Ele tem embalado sucessivas gerações desde os anos 1960 — seja em parceria com Roberto Carlos, seja nas músicas que gravou sozinho ou naquelas ao lado de grandes estrelas da música brasileira. Aos 77 anos, Erasmo Carlos acaba de lançar seu 31º disco, “Amor é isso”. Ele também receberá dois prêmios que confirmam seu talento inimitável: o de Compositor Brasileiro, oferecido pela União Brasileira dos Compositores (UBC), e o Prêmio à Excelência Musical do Grammy Latino. Casado há três com a pedagoga paulistana Fernanda Passos, de 28 anos, Erasmo diz ter mudado seu jeito de compor, preferindo escrever poemas a melodias. Apaixonado, ele diz que foi convencido pela mulher a trocar a bebida pela pipoca e a vida noturna por filmes da televisão. Nesta entrevista dada a ISTOÉ no saguão de um hotel em São Paulo, Erasmo falou sobre o “amor como conceito”, sua desilusão com a política e disse o que pensa da descriminalização das drogas.

Seu novo disco é sobre o amor. O que é o amor para você hoje?

Decidi abordar o amor como um conceito. Aquele amor maior que engloba todos os tipos de amor. Aquele amor sem preconceito, grande, infinitamente elástico, que abraça todos os tipos de amor que a gente tem: amor pelos pais, pelos filhos, pelos objetos, por Deus. Um amorzão que abraça tudo.

Foi esse amorzão que fez você mudar seu jeito de compor?

Pela primeira vez eu coloquei as músicas em forma de poesias. Eu nunca tinha feito isso. Sempre fiz o contrário, eu letrei músicas. Durante sete anos eu escrevi poemas para a minha mulher, Fernanda, e fiquei com 111 poemas. Eles serão editados em um livro no ano que vem. Pedi então ajuda a amigos que lidam com poesias, como a Adriana Calcanhotto e o Arnaldo Antunes. Foi uma experiência que fiz para esse disco. Não quer dizer que vou fazer isso para sempre. Sou muito inconstante nesse ponto. Sou ávido pelo novo, procuro sempre fórmulas novas.

Esse é o segredo de se manter atualizado?
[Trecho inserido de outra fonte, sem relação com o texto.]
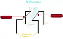Thermal ionization mass spectrometry (TIMS) is also known as surface ionization and is a highly sensitive isotope mass spectrometry characterization technique. The isotopic ratios of radionuclides are used to get an accurate measurement for the elemental analysis of a sample.[1] Singly charged ions of the sample are formed by the thermal ionization effect. A chemically purified liquid sample is placed on a metal filament which is then heated to evaporate the solvent. The removal of an electron from the purified sample is consequently achieved by heating the filament enough to release an electron, which then ionizes the atoms of the sample.[2] TIMS utilizes a magnetic sector mass analyzer to separate the ions based on their mass to charge ratio. The ions gain velocity by an electrical potential gradient and are focused into a beam by electrostatic lenses. The ion beam then passes through the magnetic field of the electromagnet where it is partitioned into separate ion beams based on the ion's mass/charge ratio. These mass-resolved beams are directed into a detector where it is converted into voltage. The voltage detected is then used to calculate the isotopic ratio.[3]

Nunca foi com essa intenção, mas acho que é uma coisa que me move, esse desejo de participar das coisas que estão acontecendo agora. Não adianta nada viver do passado. Poderia facilmente viver até hoje da Jovem Guarda, fazendo show. Mas não. Quero estar vivo agora, mostrar que estou vivo agora, atuante, estou antenado, que meu momento é agora. O período da Jovem Guarda foi lindo, maravilhoso, todas as vezes que fecho os olhos me lembro dela. Ela sempre vai ter o cantinho dela. Mas passou.

Você nunca teve similares ou imitadores. A que você atribui o fato de ser, como diria Roberto, “inimitável”?

Acho que a minha personalidade não é fascinante a ponto de despertar em ninguém o desejo de ser parecido comigo. Ou então, sem modéstia, eu sou único, inigualável e inimitável. Tem gente que acha que quando faço música é algo tão íntimo, para mim, que só eu mesmo posso interpretar. Saca? Minhas músicas não são muito regravadas porque meu estilo é único. Eu dou uma carimbada nelas e pronto. A não ser as parcerias com o Roberto Carlos, que são músicas românticas universais. Essas são muito regravadas.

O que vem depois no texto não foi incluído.